When you take the $\sqrt{8}$ you get $2\cdot \sqrt{2}$, taking again the square root gives you $\sqrt{2} \cdot \sqrt{\sqrt{2}}$.

Here are some numerical values for that: \begin{array}{c} 8\\ 2.82843 \\ 1.68179 \\ 1.29684 \\ 1.13879 \\ 1.06714 \\ 1.03302 \\ 1.01638 \\ 1.00816 \\ 1.00407 \\ 1.00203 \\ \end{array}

If you make that often enough, the sequence will converge to $1$.

The answer is the same if you start with any number $> 0$, for $0$ you always have $0$.

An easier way is maybe that for $x>4$ we know $$\sqrt{x}\leq \frac{x}{2},$$ And we know that for $x\leq \frac{1}{4}$ $$\sqrt{x} \geq 2\cdot x$$ So it is enough if we check the behaviour in $(\frac{1}{4},4)$, as the square root is monotone, this one works if we only check it for $\frac{1}{4}$ and for $4$

If you like it more formal, here is another solution.
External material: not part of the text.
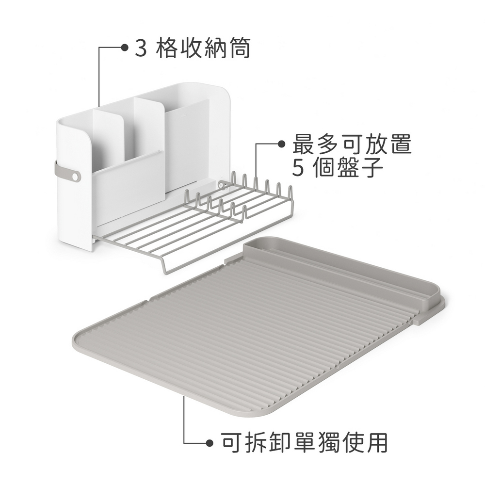 材質:回收 ABS 塑料、TPR 橡膠、鋼、矽膠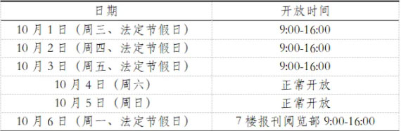 2025年10月1日-10月8日国庆中秋放假期间,开放时间如下:

The square root is a contraction, that means if you take any $x_0$ and let $x_{i+1}=\sqrt{x_i}$, than $$|x_{i+1}-x_i| < |x_i-x_{i-1}|,$$

to say it in words, the difference between those values, always get smaller. There is a theorem called Banach Fixpoint-Theorem, which says, when a function is a contraction on a closed subset $M$ of $\mathbb{R}$, and $f:M \rightarrow M$ then there is exactly one point which satisfies $f(x)=x$ as you know that $\sqrt{1}=1$ it will be that one.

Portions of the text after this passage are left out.